The family court may order TPR upon finding a statutory ground for TPR is met and TPR is in the children's best interests. S.C. Code Ann. § 63-7-2570 (Supp. 2023). "A ground for termination of parental rights must be proved by clear and convincing evidence." S.C. Dep't of Soc. Servs. v. Parker, 336 S.C. 248, 254, 519 S.E.2d 351, 354 (Ct. App. 1999).
We hold clear and convincing evidence showed Mother failed to remedy the conditions that caused Children's removal. See § 63-7-2570(2) (providing a statutory ground for TPR is met when "[t]he child has been removed from the parent . . . and has been out of the home for a period of six months following the adoption of a placement plan by court order . . . and the parent has not remedied the conditions which caused the removal"). The Department of Social Services (DSS) caseworker testified Children were removed due to domestic violence, Mother's substance abuse, and her failure to protect Children. Mother admitted to using methamphetamine almost daily until March 25, 2023-which was nearly seven months after the family court ordered her to complete a placement plan. Furthermore, DSS presented uncontroverted testimony that Mother did not complete mental health treatment or a domestic violence program, and the DSS caseworker indicated continuing concerns with Mother's mental health. At the time of the TPR hearing, Mother had only sustained employment and housing for one month. Accordingly, we hold clear and convincing evidence showed Mother failed to remedy the conditions that caused Children's removal.
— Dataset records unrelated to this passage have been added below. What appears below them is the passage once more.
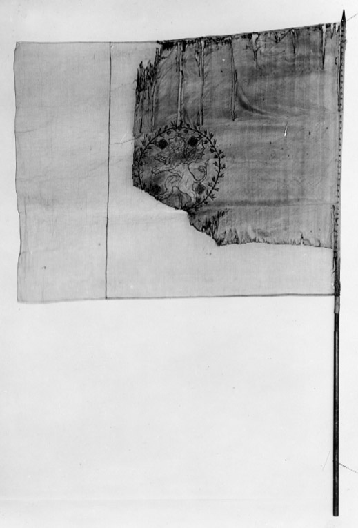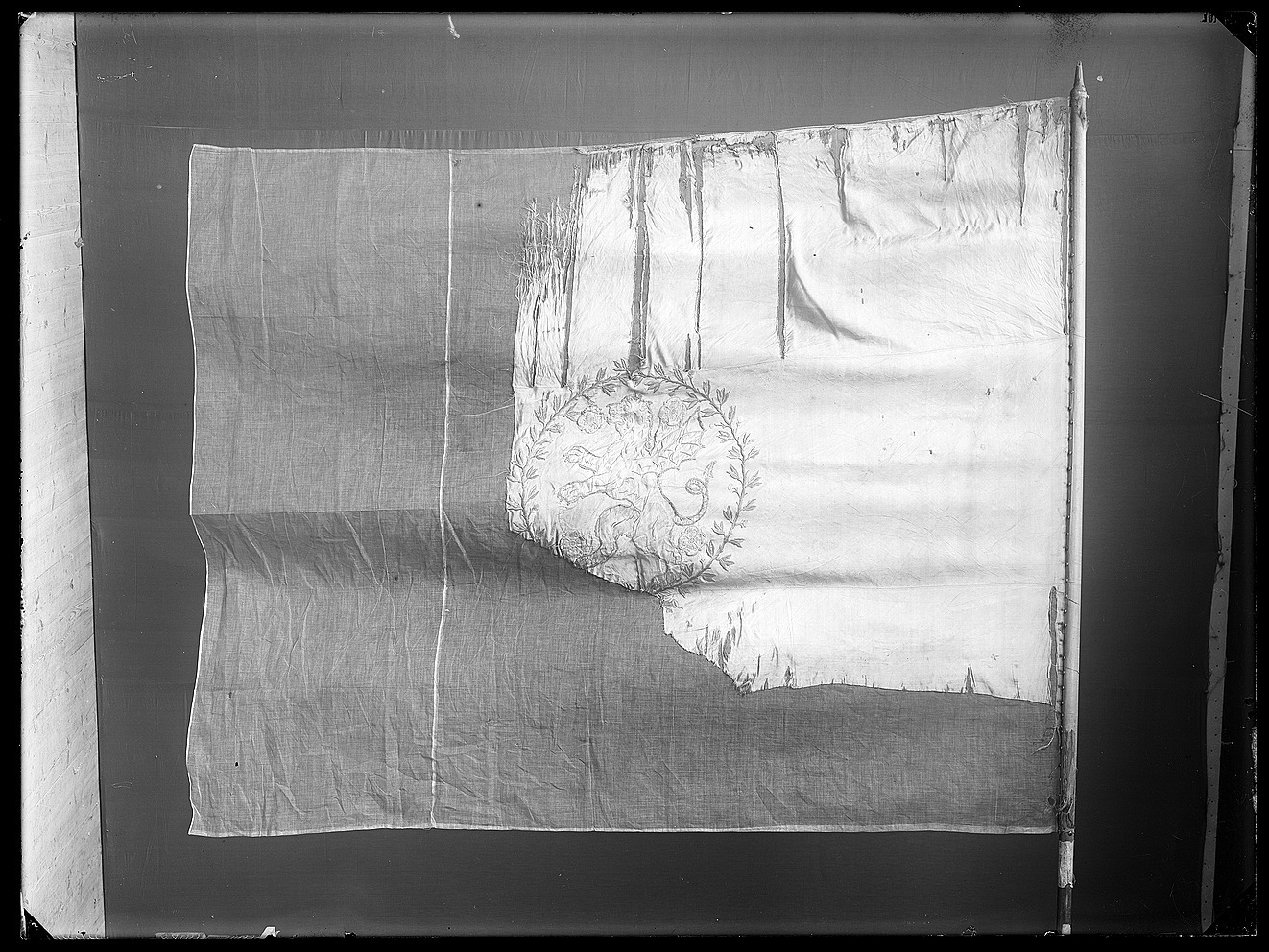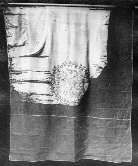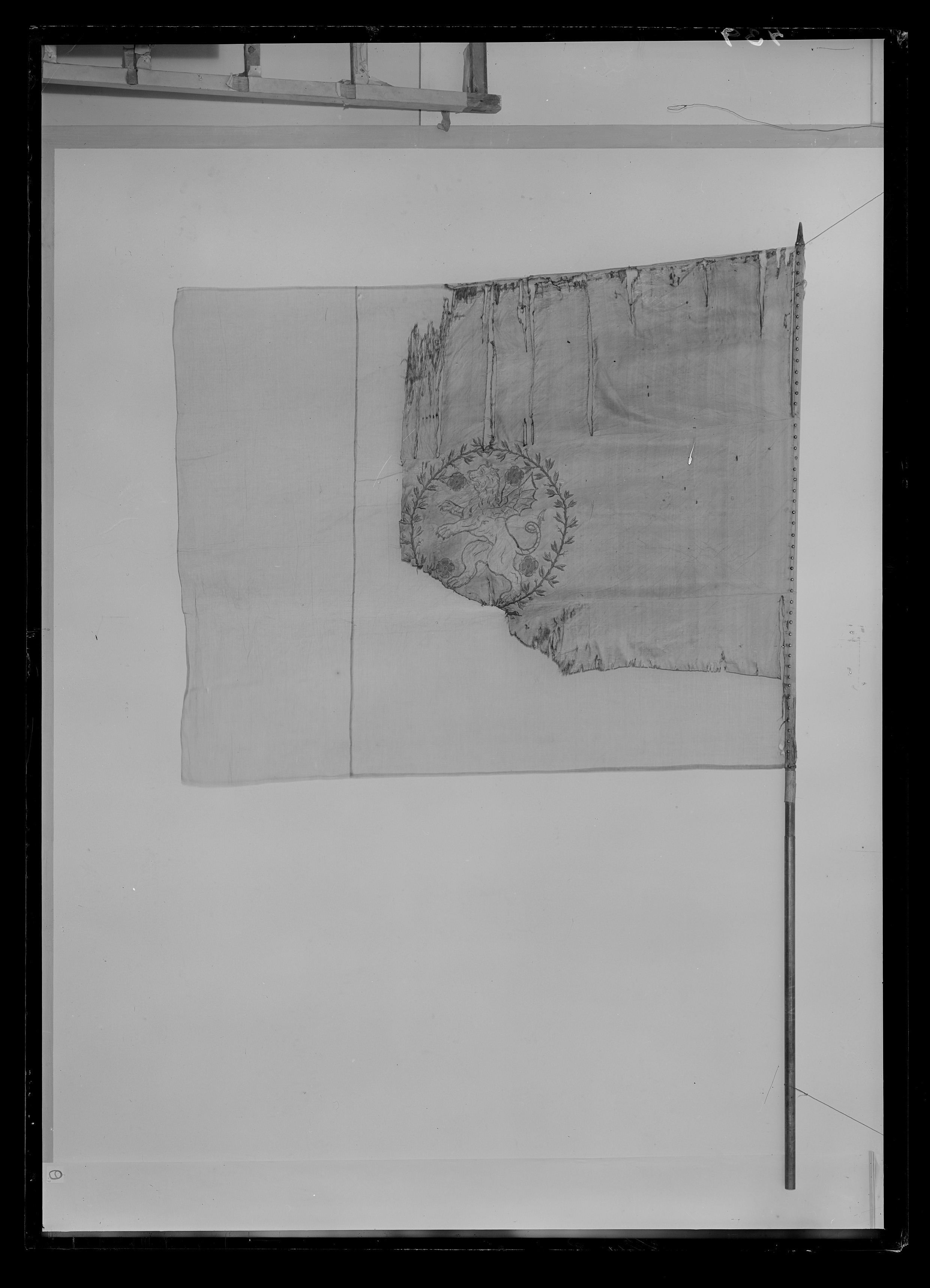 Duk av enkel röd sidenkypert. Sydd av tre horisontella våder à 580 mm. Dekor: Broderad lika på båda sidor, i mitten Östergötlands sköldemärke, en grip (drake) av gult silke och applicerat siden följd av fyra rosor blått silke och applicerat siden, omgivna av en krans diam. 520 mm av två lager kvistar i brunt silke medgröna blad och bär i gult silke. Upptill och nedtill hopknutna, nedtill med en gul rosett. Duken kantad med en röd silkessnodd. Fäst vid stången med förgyllda spikar på rött sidenband. Stång: av rödmålad furu. Mässingsförlängning.Total l: 3320 mm.
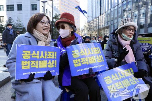 (서울=뉴스1) 박정호 기자 = 이나영 정의기억연대 이사장(왼쪽)이 7일 낮 서울 종로구 중학동 옛 일본대사관 앞에서 열린 1734차 일본군 성노예제 문제해결을 위한 수요시위에 참여한 초기 정대협(한국정신대문제대책협의회) 활동가 어르신들과 대화를 나누고 있다. 2026.1.7/뉴스1
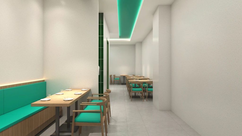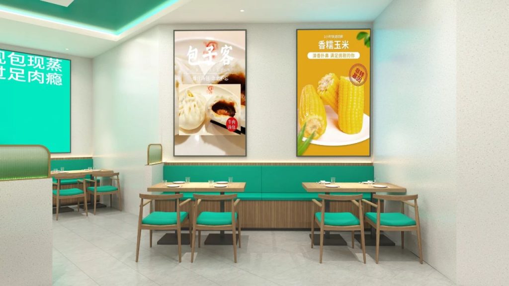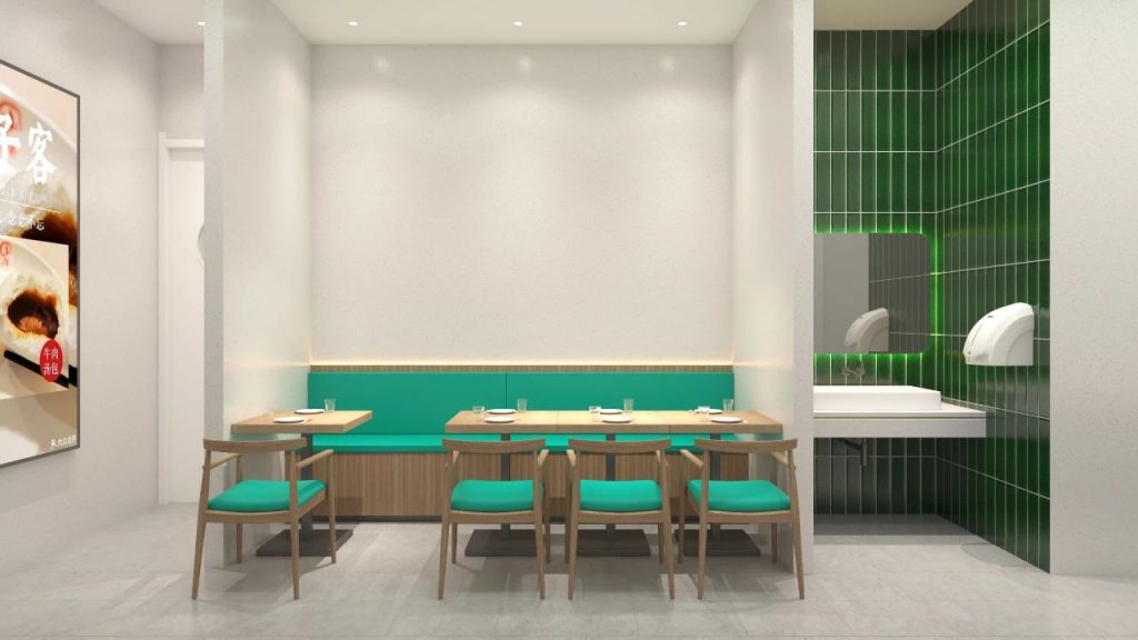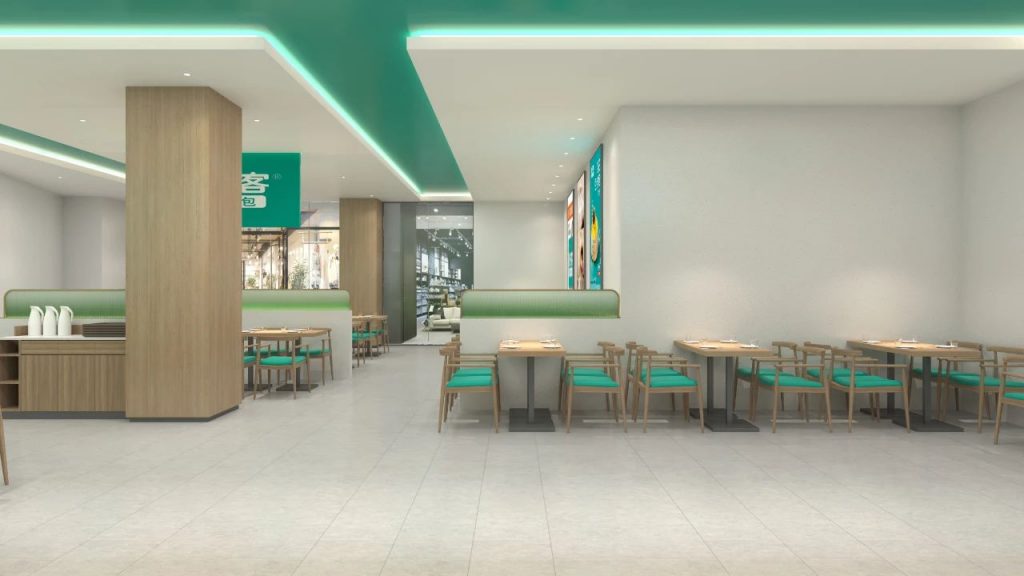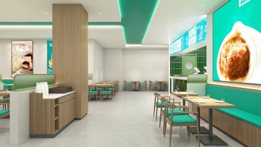 空间内,大面积青白色水磨石质感的墙面使用,搭配包子客独有的品牌色调,既凸显出品牌色增加消费者的记忆点又带来宽敞明亮、干净素雅、静谧舒适的就餐环境感受。

Because we hold clear and convincing evidence supports this statutory ground, we decline to address the remaining ground. See S.C. Dep't of Soc. Servs. v. Headden, 354 S.C. 602, 613, 582 S.E.2d 419, 425 (2003) (declining to address a statutory ground for TPR after concluding clear and convincing evidence supported another statutory ground).
Further, we hold TPR is in Children's best interests. Mother failed to complete mental health treatment; she continued her relationship with Father, with whom she had incidents of domestic violence, and who admitted to still using methamphetamine; and she had a history of relapse. We therefore believe the family court properly found she was unlikely to provide a safe, stable and drug-free home in the foreseeable future. Children were placed together in a pre-adoptive home, the GAL testified Children had a good relationship with the foster family, and the DSS caseworker and GAL both recommended TPR. Accordingly, we hold TPR to be in Children's best interests.
We decide this case without oral argument pursuant to Rule 215, SCACR.
THOMAS, MCDONALD, and VERDIN, JJ., concur.